# Need Identification of Hardware



## handsawgeek (Jul 31, 2014)

Hi, All,
I ran across these odd items while going through a recently acquired collection of old-school hardware. I thought I knew me hardware pretty well, but these have me scratching my head. I think they are some sort of wood connector spike, but I'm not sure. Any thoughts?


----------



## waho6o9 (May 6, 2011)

I've seen them on the bottom of sofa legs


----------



## dbray45 (Oct 19, 2010)

Chair leg or table leg buttons for the ends of the legs (bottom ends for the floor).


----------



## CharlieM1958 (Nov 7, 2006)

Just a guess, but they look like furniture glides of some sort to me.


----------



## handsawgeek (Jul 31, 2014)

That makes total sense.
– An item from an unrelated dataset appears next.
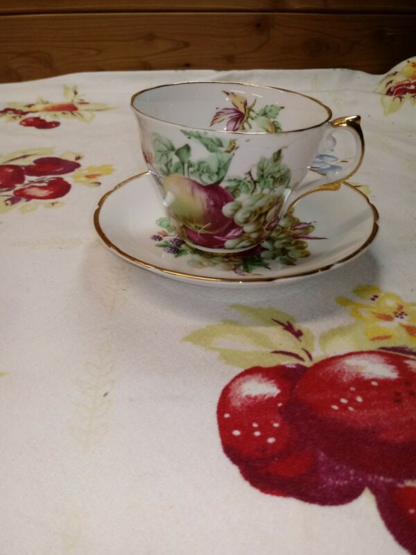 Title (ebay affiliate link): Vintage Regency Bone China Fruit /Gold Tea Cup & Saucer Made in England

Furniture glides they are. I've never encountered this type before. 
Thank you all for the quick responses!


----------



## bigblockyeti (Sep 9, 2013)

Those look like ole fashioned floor scratchers to me.


----------



## Daruc (Apr 20, 2015)

Polish throwing stars.


----------



## pintodeluxe (Sep 12, 2010)

You're probably right that they are leg buttons. There is a similar piece of hardware that is used as faux through tenons. More recently I have seen them used as faux pillowed pegs to replicate Greene and Greene style furniture, but I've never used them. I prefer the real deal.


----------